Several columns have missing data. Let's explore more to determine the type. 

In [None]:
# Make a heatmap to visualize null values in the dataset
sns.heatmap(data = df.isna());

In [None]:
# Install a package that allows for nice graphical analysis of missingvalues
!pip install missingno

In [None]:
# Import missingno module
import missingno as msno

In [None]:
# Can visualize the percent missing in each column
msno.bar(df);

In [None]:
# Another way to make the null map with the msno module 
msno.matrix(df);

In [None]:
# Plot the matrix again sorted by insulin
sorted_df = df.sort_values('Insulin')
msno.matrix(sorted_df);

It looks like some variables only have NaNs when insulin is NaN. This is an important pattern to notice. While we don't completely understand what about insuline influences the missingness, we can see that insuline influences missingness. Let's quantify this further with a heatmap.

In [None]:
# Correlation in missingness 
msno.heatmap(df);

**Step 3:** Decide on an approach. 
Some of these columns (e.g. Glucose) don't have lots of missing values and they are not highly correlated with other variables. We can assume those are MCAR and drop those rows. 

In [None]:
# Drop rows that have NaN in the Glucose column
df_dropped = df.dropna(subset = 'Glucose')
df_dropped

In [None]:
df_dropped.isna().sum()

BMI was similar to Glucose; very few missing values and not highly correlated with anything else. If we wanted, we could also drop rows with missing BMI.

In [None]:
df_dropped.dropna(subset='BMI',inplace=True)
df_dropped.isna().sum()

Since BMI is likely MCAR, we could have also decided to impute the data.

In [None]:
df['BMI'].hist()

In [None]:
# Impute BMI
filled_df = df.copy()
filled_df['BMI'].fillna(filled_df['BMI'].mean(),inplace = True)
filled_df

In [None]:
# Visualize the imputation
nullity = df['BMI'].isna()
filled_df.plot(x='Insulin', y='BMI', kind='scatter', alpha=0.8,                   
                   c=nullity, cmap='rainbow',title='Mean Imputation');

It looks like there is only one value, this isn't actually the case, most of the missing BMI's showed up when Insulin was missing too. What if we imputed both variables?

In [None]:
# check distribution of insuline
df['Insulin'].hist()

In [None]:
# Impute BMI and Insulin
filled_df = df.copy()
filled_df['BMI'].fillna(filled_df['BMI'].mean(),inplace = True)
filled_df['Insulin'].fillna(filled_df['Insulin'].mean(),inplace = True)
nullity = df['BMI'].isna() + df['Insulin'].isna()
filled_df.plot(x='Insulin', y='BMI', kind='scatter', alpha=0.8,                   
                   c=nullity, cmap='rainbow',title='Mean Imputation');

### Imputing time series data
We saw last time that imputing with mean, median, or mode is not always the best option. Specifically on time series data. Lets explore other options

In [None]:
airquality = pd.read_csv("airquality.csv")
airquality

In [None]:
airquality.info()

In [None]:
airquality['Date'] = pd.to_datetime(airquality['Date'])
airquality

In [None]:
# Look at the missing data in Ozone
plt.figure(figsize=(10,4))
airquality['Ozone'].plot(marker='o')
plt.xlabel('Day')
plt.ylabel('Ozone')
plt.show()

The time series varies a lot. If we fill everything with the mean or median, we might get strange results. 

In [None]:
# Fill nans with the mean datapoint
mean_fill = airquality.fillna(airquality.Ozone.mean())

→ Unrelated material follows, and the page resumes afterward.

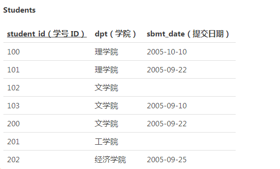 问题: 查询“提交日期”列内不包含 NULL 的学院

plt.figure(figsize=(10,4))
mean_fill['Ozone'].plot(color = 'r', marker='o')
airquality['Ozone'].plot( marker='o')
plt.xlabel('Day')
plt.ylabel('Ozone')
plt.show()

In [None]:
# Fill nans with the previous datapoint
forward_fill = airquality.fillna(method='ffill')

In [None]:
# Look at the missing data in Ozone
plt.figure(figsize=(10,4))
forward_fill['Ozone'].plot(color = 'r', marker='o')
airquality['Ozone'].plot( marker='o')
plt.xlabel('Day')
plt.ylabel('Ozone')
plt.show()

In [None]:
# Fill nans with the next datapoint
back_fill = airquality.fillna(method='bfill')

In [None]:
# Look at the missing data in Ozone
plt.figure(figsize=(10,4))
back_fill['Ozone'].plot(color = 'r', marker='o')
airquality['Ozone'].plot( marker='o')
plt.xlabel('Day')
plt.ylabel('Ozone')
plt.show()

In [None]:
# Linear interpolation
interpolated_oz = airquality.copy()
interpolated_oz['Ozone'] = airquality.Ozone.interpolate(method='linear')

In [None]:
# Look at the missing data in Ozone
plt.figure(figsize=(10,4))
interpolated_oz['Ozone'].plot(color = 'r', marker='o')
airquality['Ozone'].plot( marker='o')
plt.xlabel('Day')
plt.ylabel('Ozone')
plt.show()

This looks like the most reasonable guess for how to fill in the datapoints.

*NOTE:* There are other methods that can be used to interpolate.

In [None]:
# Quadratic interpolation
interpolated_oz['Ozone'] = airquality.Ozone.interpolate(method='quadratic')

In [None]:
# Look at the missing data in Ozone
plt.figure(figsize=(10,4))
interpolated_oz['Ozone'].plot(color = 'r', marker='o')
airquality['Ozone'].plot( marker='o')
plt.xlabel('Day')
plt.ylabel('Ozone')
plt.show()

This method highly overshot the data ranges. This is not a good option. 

One other option is to fill null values with a random sample. This could work when the data is MCAR or MAR and could also work for categorical data.

In [None]:
# Get non-NaN values from column 'A'
non_nan_values = airquality['Ozone'].dropna()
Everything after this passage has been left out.